Beth Israel’s hiring approach begins right from the first encounter, such as an online assessment, and Lee says that is what makes lean challenging. “How do we hire people with the mindset of those who are able to work in a lean environment?” she asks. “We have 2,000 new people come in every year. That means we have 2,000 opportunities to get it right or get it wrong.”

A Lean Future?

What is the future of lean? Graban points out that with any manufacturing process, change happens in fits and starts over the course of decades, not months.

An initial wave of interest spurs others to dabble in the process, says Graban, and of that group, some will embrace it and others will give up on it. When an organization has success, other groups will take a fresh look at the process and learn from the deeper understanding the other organizations gained from experience.

Lee doesn’t pretend that lean is simplistic or quick.

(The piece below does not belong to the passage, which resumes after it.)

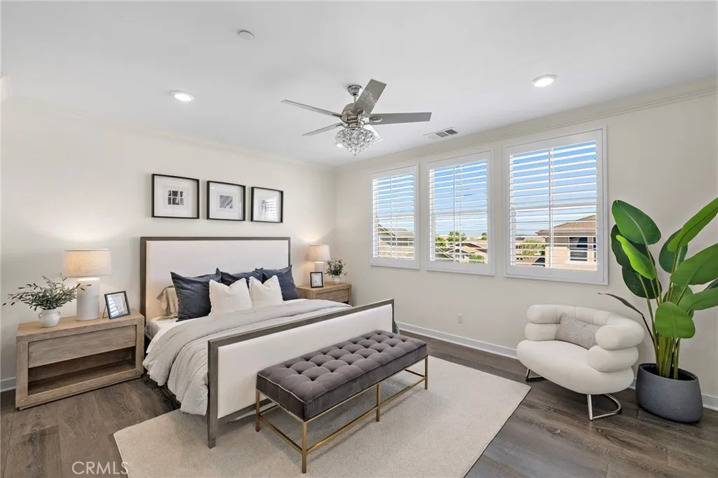 RARE OPPORTUNITY IN BEACON PARK Welcome to the most sought-after Plan 3 of the Larkspur Collection, built by the renowned Lennar Homes a true gem in the heart of Irvines Great Park Neighborhood. Situated on an exceptionally quiet, low-density street with only 7 homes, including several single-story residences, this home enjoys enhanced privacy, lush landscaping, and a serene atmosphere rarely found in the area. Just steps from the scenic Bosque Trail, this home offers immediate access to nature, community parks, and walking paths perfect for an active, family-oriented lifestyle. Plus, a new Asian supermarket is under construction nearby, promising even more convenience in the near future. Home Highlights: 5 Bedrooms | 5.5 Bathrooms | Approx. 3,250 Sq Ft | 2-Car Garage Dual Master Suites: One on the main level and one upstairs ideal for guests, in-laws, or multigenerational living All bedrooms feature en-suite bathrooms, ensuring ultimate comfort and privacy for every resident Open and airy great room with cozy fireplace and abundant natural light Gourmet chefs kitchen: Granite countertops, oversized center island with breakfast bar, three elegant pendant lights, built-in refrigerator, and an oversized walk-in pantry Upstairs primary suite with an expansive walk-in closet and a spa-inspired bathroom featuring an extra-large walk-in shower and romantic soaking tub Covered California Room with motorized sunshade perfect for indoor-outdoor living Thoughtfully upgraded throughout and in truly move-in ready condition Beautifully landscaped backyard designed for low m
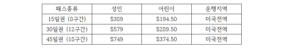 전자티켓이 있어 국내에서도 편리하게 인터넷 구매를 할 수 있고, 암트랙 패스의 종류와 가격은 다음과 같다.

“We are 10 years in,” says Lee. “This work is hard, and initially there is a lot of resistance. It’s uncommon to find a hospital not doing something with lean now. Who is going to stay the course? And who will stay the course when the course gets tough? It takes daily perseverance.”

Lee says keeping an eye to the future and on the end goal helps staff persevere as the health care climate evolves and changes with time. “This takes a constancy of purpose,” says Lee. “You have to believe there is no option but to improve the current condition. If you don’t, you resort back to chaos.”

When lean practices become part of the new culture, Graban says the results are tangible and intangible. “I think the most exciting things are the moments when you see pride on the people in the health care field,” says Graban. “To see them get re-energized about the work they are doing and why they got into health care.”

Zaremba says the changes have made her unit tight. “It’s the teamwork approach,” she says. “We are responsible for each other, and we have the spirit of one team.”

And Toussaint says the measurable results are inevitable if you follow lean principles correctly. “If you do it right, three things will happen,” he explains. “Staff morale improves, quality of care process improves, and costs go down. People recognize that this is a way to fix the system.”

Julia Quinn-Szcesuil is a freelance writer based in Bolton, Massachusetts.